(About this exercise) Look below for the line with "Team GPS (NL)" and the line with "Perspektiv, från Hazeliusbacken"; repeat exactly those two lines and all lines between them, but no pictures.

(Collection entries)

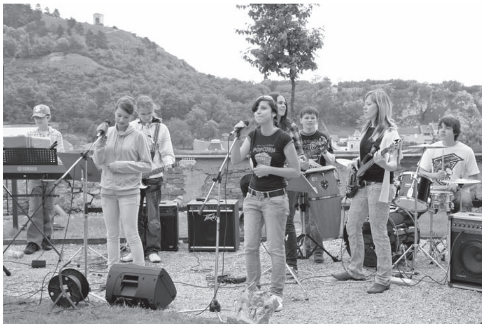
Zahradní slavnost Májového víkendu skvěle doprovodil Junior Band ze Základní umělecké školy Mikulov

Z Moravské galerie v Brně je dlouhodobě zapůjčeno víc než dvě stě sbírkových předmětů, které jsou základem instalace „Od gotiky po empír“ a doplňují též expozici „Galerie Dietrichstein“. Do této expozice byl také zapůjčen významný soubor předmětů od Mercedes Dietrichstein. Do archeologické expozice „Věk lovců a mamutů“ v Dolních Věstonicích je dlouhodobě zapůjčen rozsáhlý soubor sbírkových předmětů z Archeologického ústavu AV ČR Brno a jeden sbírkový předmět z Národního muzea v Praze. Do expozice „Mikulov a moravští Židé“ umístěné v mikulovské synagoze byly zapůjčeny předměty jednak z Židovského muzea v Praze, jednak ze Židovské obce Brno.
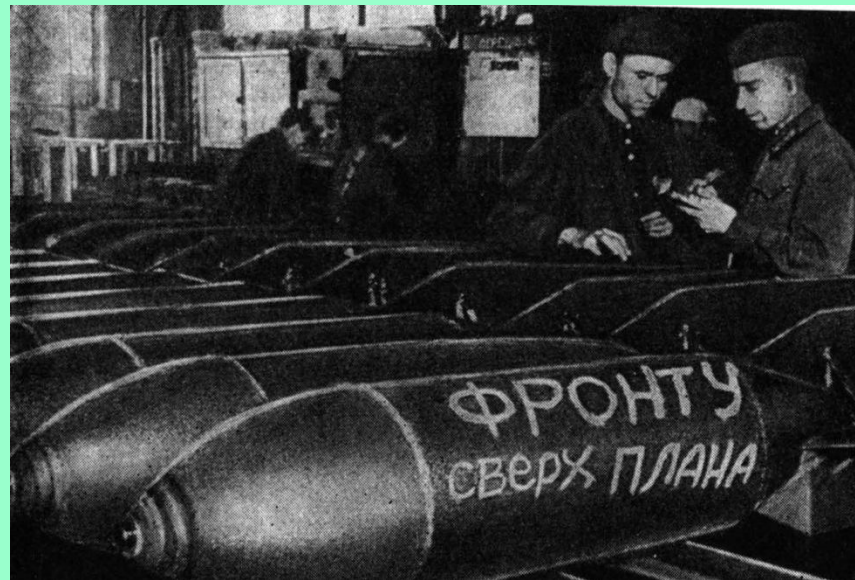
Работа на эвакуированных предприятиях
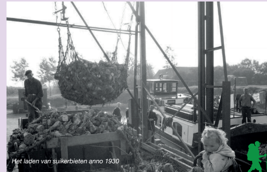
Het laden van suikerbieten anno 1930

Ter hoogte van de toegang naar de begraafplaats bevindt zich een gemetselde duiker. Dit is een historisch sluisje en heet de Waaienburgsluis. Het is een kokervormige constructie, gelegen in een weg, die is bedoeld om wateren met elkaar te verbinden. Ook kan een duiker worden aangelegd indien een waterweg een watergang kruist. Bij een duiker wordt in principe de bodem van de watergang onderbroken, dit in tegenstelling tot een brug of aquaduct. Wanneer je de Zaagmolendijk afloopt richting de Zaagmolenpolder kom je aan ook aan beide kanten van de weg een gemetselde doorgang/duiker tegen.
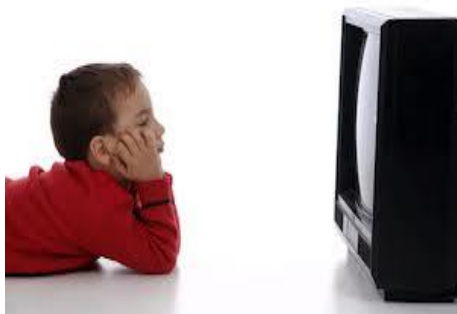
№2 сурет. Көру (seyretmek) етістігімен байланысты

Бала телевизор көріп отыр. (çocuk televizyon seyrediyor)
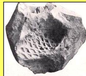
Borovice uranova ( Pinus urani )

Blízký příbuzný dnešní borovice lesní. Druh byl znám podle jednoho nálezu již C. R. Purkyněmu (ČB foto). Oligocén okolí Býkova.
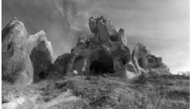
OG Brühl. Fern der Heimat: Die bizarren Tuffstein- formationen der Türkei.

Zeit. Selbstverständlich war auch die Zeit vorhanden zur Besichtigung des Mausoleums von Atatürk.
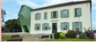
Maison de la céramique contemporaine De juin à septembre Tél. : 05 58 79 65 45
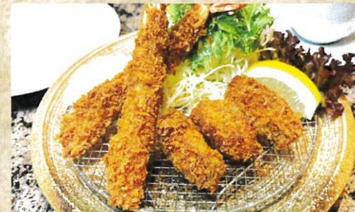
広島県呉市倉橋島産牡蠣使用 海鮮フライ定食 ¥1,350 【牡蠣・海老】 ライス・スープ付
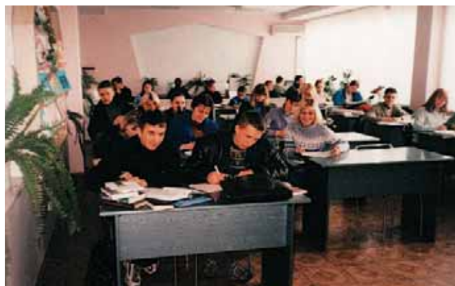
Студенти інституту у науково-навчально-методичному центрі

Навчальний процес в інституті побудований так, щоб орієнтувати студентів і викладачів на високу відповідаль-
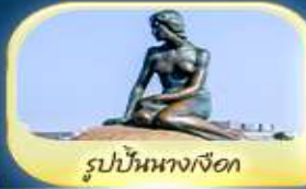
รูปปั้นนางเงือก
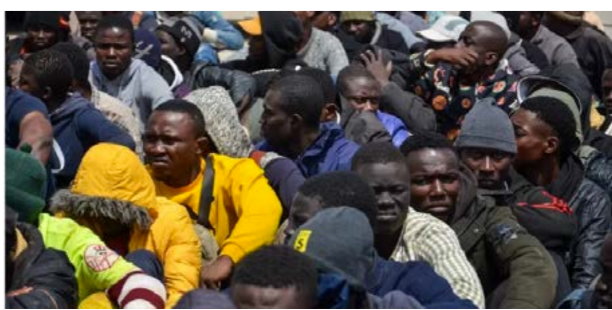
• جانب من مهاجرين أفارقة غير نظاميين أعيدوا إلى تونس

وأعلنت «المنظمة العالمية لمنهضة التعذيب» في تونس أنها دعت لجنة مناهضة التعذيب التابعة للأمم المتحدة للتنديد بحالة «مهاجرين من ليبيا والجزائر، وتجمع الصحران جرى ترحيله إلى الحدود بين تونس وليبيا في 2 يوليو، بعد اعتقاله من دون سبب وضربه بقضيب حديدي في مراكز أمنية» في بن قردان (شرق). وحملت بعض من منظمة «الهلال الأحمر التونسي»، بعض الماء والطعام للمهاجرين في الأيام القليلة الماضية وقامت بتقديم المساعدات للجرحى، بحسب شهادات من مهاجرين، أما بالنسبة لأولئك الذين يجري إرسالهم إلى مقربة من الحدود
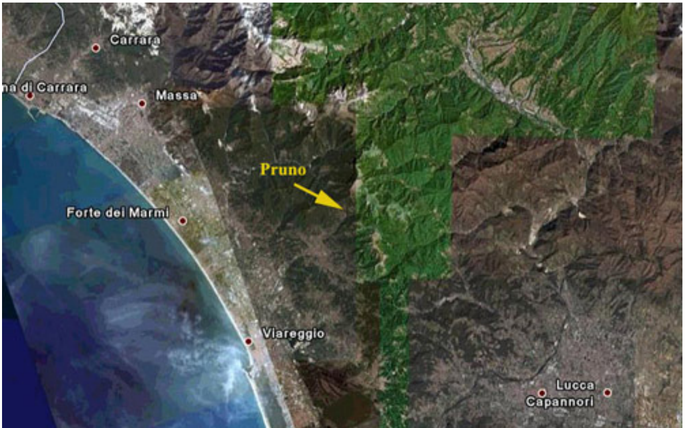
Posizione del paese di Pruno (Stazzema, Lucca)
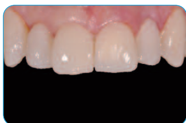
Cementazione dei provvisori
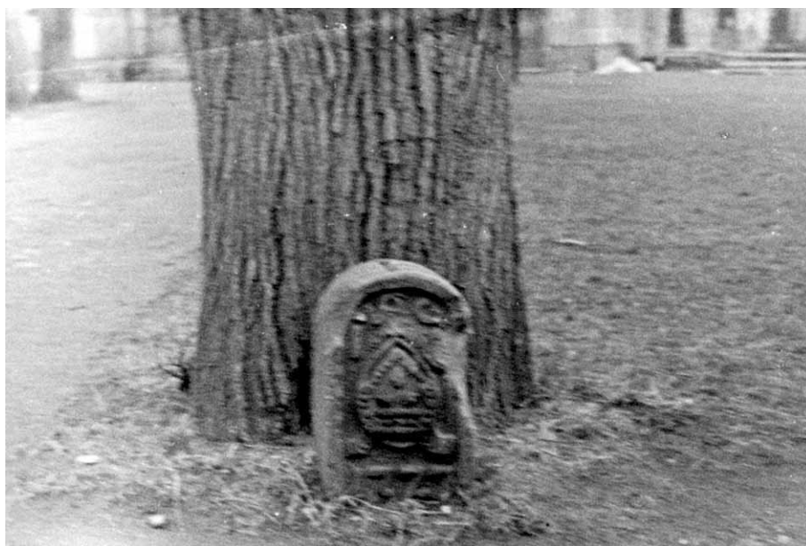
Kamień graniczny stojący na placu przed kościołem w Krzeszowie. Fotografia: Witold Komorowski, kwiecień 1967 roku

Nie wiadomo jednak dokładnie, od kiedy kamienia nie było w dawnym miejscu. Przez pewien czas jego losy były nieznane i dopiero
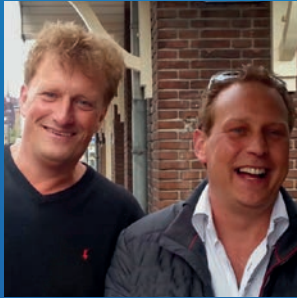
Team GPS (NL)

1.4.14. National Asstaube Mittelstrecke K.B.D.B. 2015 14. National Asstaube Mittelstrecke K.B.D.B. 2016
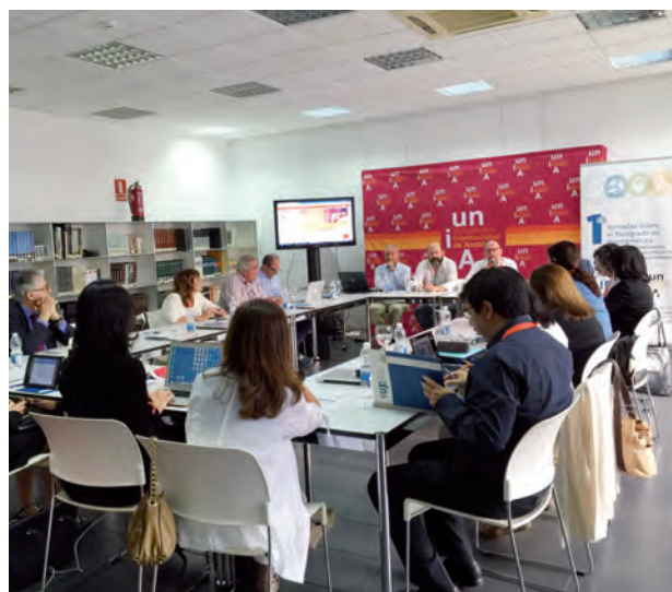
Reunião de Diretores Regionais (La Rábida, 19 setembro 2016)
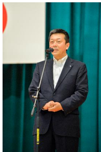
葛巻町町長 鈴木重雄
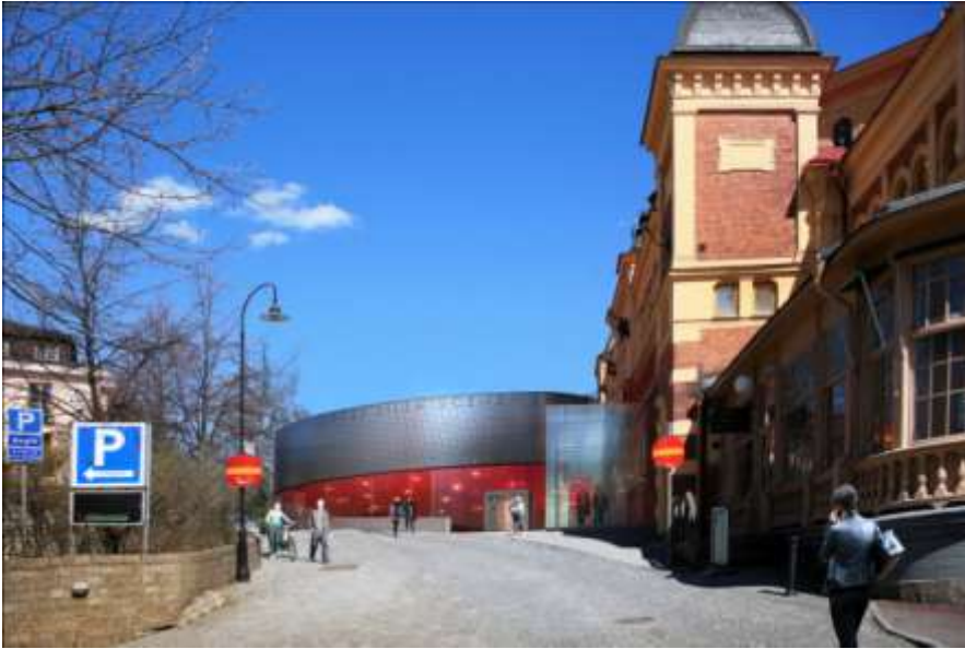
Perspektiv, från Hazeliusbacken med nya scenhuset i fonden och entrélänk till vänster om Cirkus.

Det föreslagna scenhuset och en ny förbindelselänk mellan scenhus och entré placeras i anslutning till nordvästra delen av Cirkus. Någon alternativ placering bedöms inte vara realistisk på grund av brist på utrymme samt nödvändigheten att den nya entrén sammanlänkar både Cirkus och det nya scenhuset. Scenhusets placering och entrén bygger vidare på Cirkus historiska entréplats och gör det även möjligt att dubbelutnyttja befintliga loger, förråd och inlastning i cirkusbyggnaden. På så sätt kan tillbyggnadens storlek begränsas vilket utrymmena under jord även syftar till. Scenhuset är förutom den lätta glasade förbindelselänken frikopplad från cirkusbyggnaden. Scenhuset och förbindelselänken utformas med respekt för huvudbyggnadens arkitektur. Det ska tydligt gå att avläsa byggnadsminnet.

(Result)
Team GPS (NL)

1.4.14. National Asstaube Mittelstrecke K.B.D.B. 2015 14. National Asstaube Mittelstrecke K.B.D.B. 2016
Reunião de Diretores Regionais (La Rábida, 19 setembro 2016)
葛巻町町長 鈴木重雄
Perspektiv, från Hazeliusbacken med nya scenhuset i fonden och entrélänk till vänster om Cirkus.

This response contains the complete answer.